[WHAT THE TASK REQUIRES]:
Copy down the listing below exactly. Do not include pictures.

[RAW DATA]:
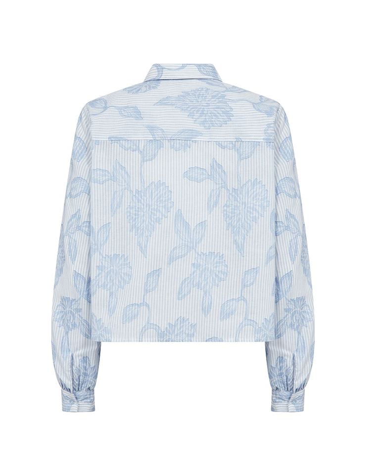 Ljusblå skjorta med ränder och fint blommönster. Lös passform, något kortare i modellen. Krage och knäppning. Luftig bomullskvalitet. Kombinera med vida kostymbyxor eller ljusa jeans.
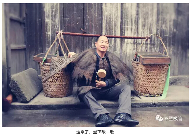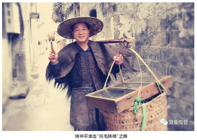 這是“雞毛換糖”人挑貨郎擔(dān)的場景……
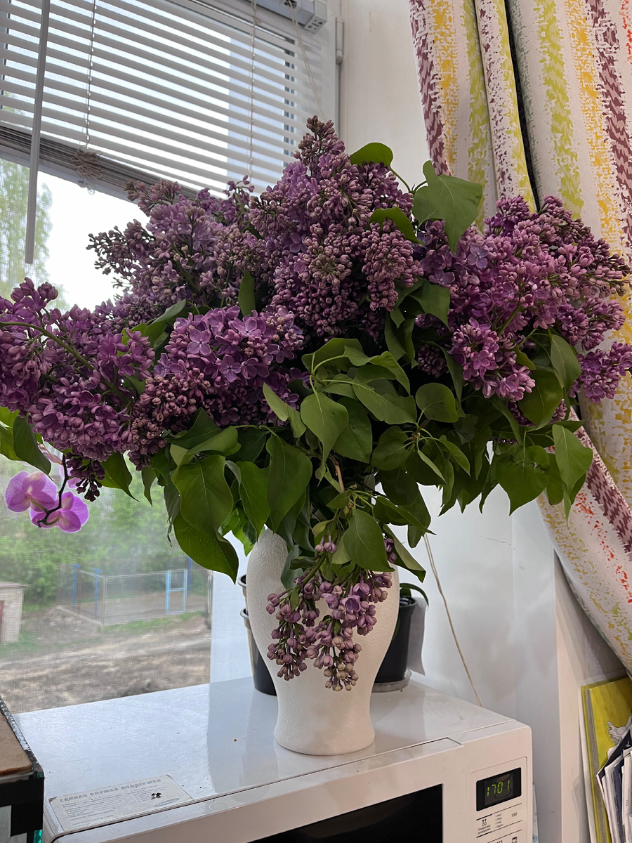 • Для сирени лучше всего подойдет высокая ваза с широким горлышком. Тут я попала в цель, у меня дома одна ваза и кажется она создана для сирени.
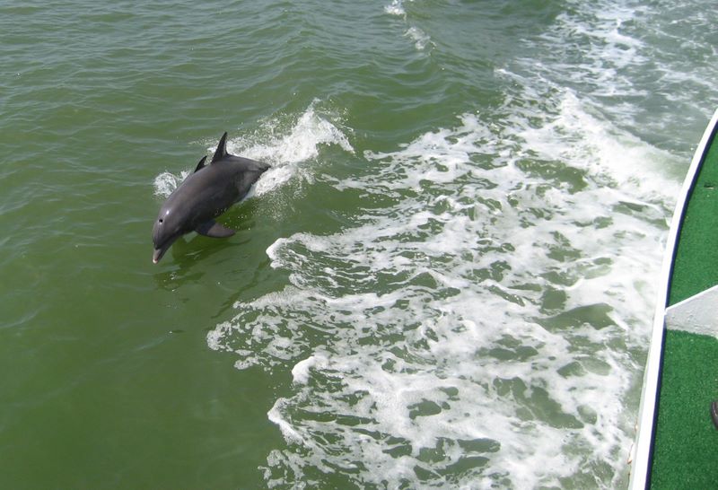 Sanibel 2007 -- Dolphin in the boat wake

[ANSWER AREA]:
 Ljusblå skjorta med ränder och fint blommönster. Lös passform, något kortare i modellen. Krage och knäppning. Luftig bomullskvalitet. Kombinera med vida kostymbyxor eller ljusa jeans.
 這是“雞毛換糖”人挑貨郎擔(dān)的場景……
 • Для сирени лучше всего подойдет высокая ваза с широким горлышком. Тут я попала в цель, у меня дома одна ваза и кажется она создана для сирени.
 Sanibel 2007 -- Dolphin in the boat wake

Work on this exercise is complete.